The argument in favour of capital punishment is not often made nowadays by senior politicians in this country, and for good reason. It has been 58 years since we abolished the death penalty, consigning it to the murky depths of mid-20th-century history, along with polio and pea-souper fogs.
The UK is also a signatory to the European convention of human rights, which in 1983 enacted protocol 6, which prohibits capital punishment in peacetime. The countries that are the most active executioners – China, Saudi Arabia, Iran – are hardly models of enlightened criminal justice. And on top of that, most Britons are opposed to the reintroduction of the death penalty.
So it may appear as though the Conservative party’s new deputy chairman, Lee Anderson, made a clumsy mistake when he told an interviewer shortly before his appointment that he supports the return of capital punishment, on the grounds that “nobody has ever committed a crime after being executed”.
Such a conclusion, however, would do both Anderson and Rishi Sunak, the man who appointed him, a disservice. The MP for the “red wall” seat of Ashfield knew exactly what he was up to in hailing capital punishment’s “100% success rate” against recidivism. And Sunak understood precisely what he was getting when he made him Greg Hands’s deputy.
Strategists argue that, after the calamitous premiership of Liz Truss, the cost of living crisis has left Tory-held former Labour seats especially vulnerable. In the absence of cash to hasten the government’s faltering levelling up policy, Anderson, the “red wall rottweiler”, is the low-cost means of wooing marginal constituencies.
Yet the calculation that informs his appointment runs deeper than that. There is a reason that the Tory party is on its fourth leader in four years. It contains a significant and ungovernable minority of avowedly rightwing MPs whom leaders either appease or, in Boris Johnson’s and Truss’s case, represent.
Sunak clearly reckons that Anderson within the tent spouting outwards is more productive than the other way around. The problem is not the cynicism of that equation but its false accounting. In politics, if you don’t mark out your ground, it’s marked out for you. Look at the US Republican party.
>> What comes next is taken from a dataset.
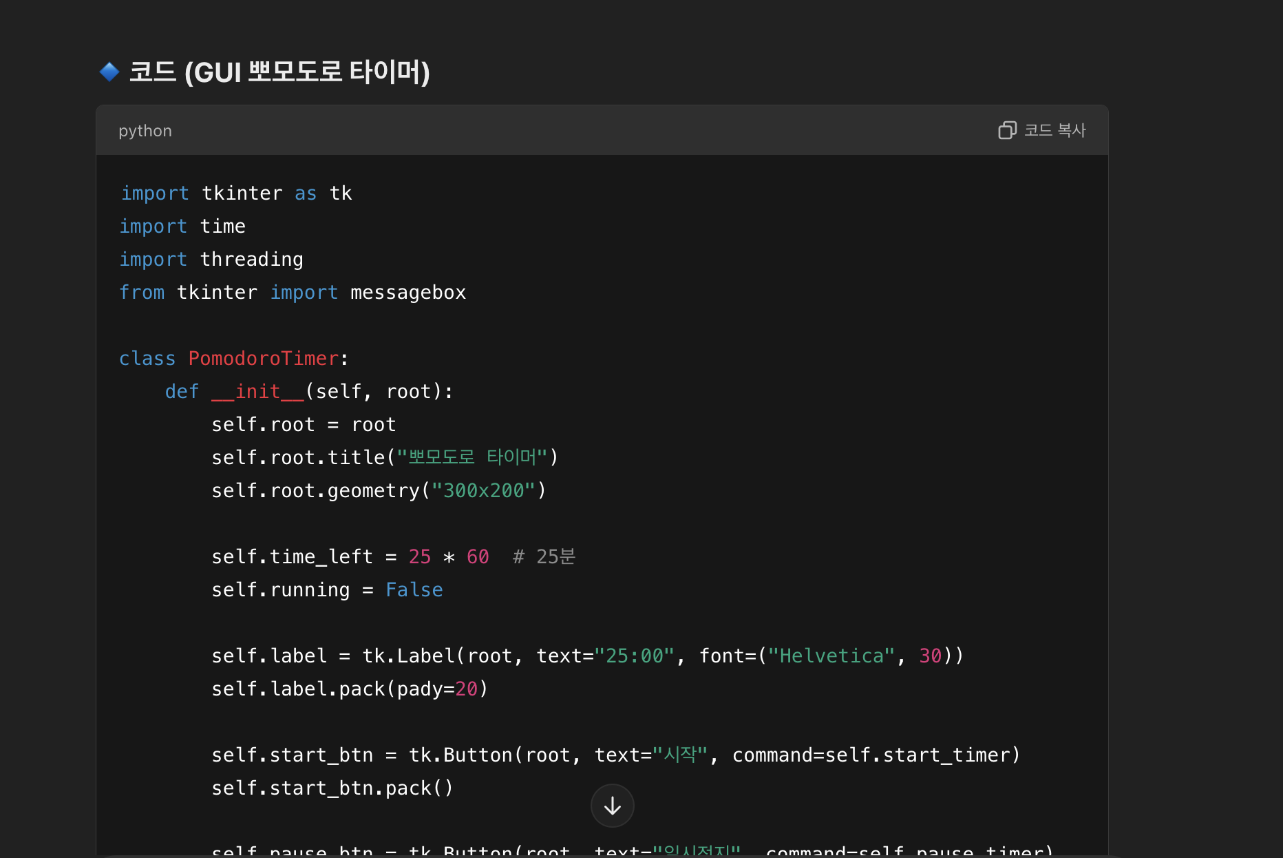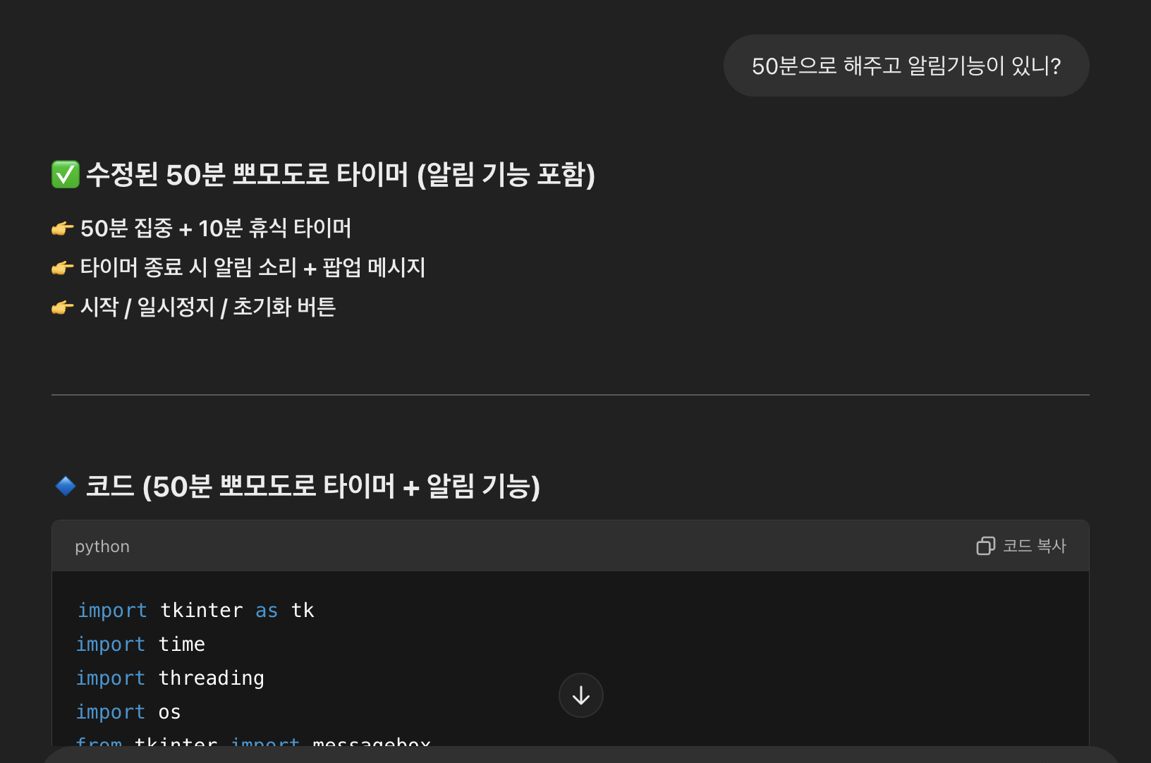 - "Python으로 뽀모도로 타이머를 만들어줘"

Not long ago, it thought it could accommodate the populist Tea Party movement and now it has been captured by a coalition of extremists and fantasists, many of whom push a capital punishment agenda.
It would be complacent to assume that such a development could not take place in the UK. Yes, most Britons do oppose capital punishment, but not when it comes to serial murders, terrorism and the killing of children, where a small majority supports execution. That majority grows the higher up you go in age and the further to the right you go in politics. As the Tory membership is to the right of its voters and is disproportionately elderly, the death penalty has a lot of policy potential in constituency politics. One particularly grisly murder could get a campaign going.
And as Sunak has already let it be known that he is prepared to withdraw the UK from the European court of human rights if it contests his plans to curb illegal migration, a major hurdle could soon be removed.
It would be alarmist to overstate the power of a provocateur politician’s attention-seeking words. Yet there is a battle being waged against liberal orthodoxies and, for all his centrist, safe-pair-of-hands image, Sunak has just empowered a rabble-rouser in that cause.
Anderson is right. Capital punishment is effective. It would have stopped the Guildford Four, the Birmingham Six and the Bridgewater Four from committing any further terrorist or child murders. The only problem is they didn’t commit any in the first place.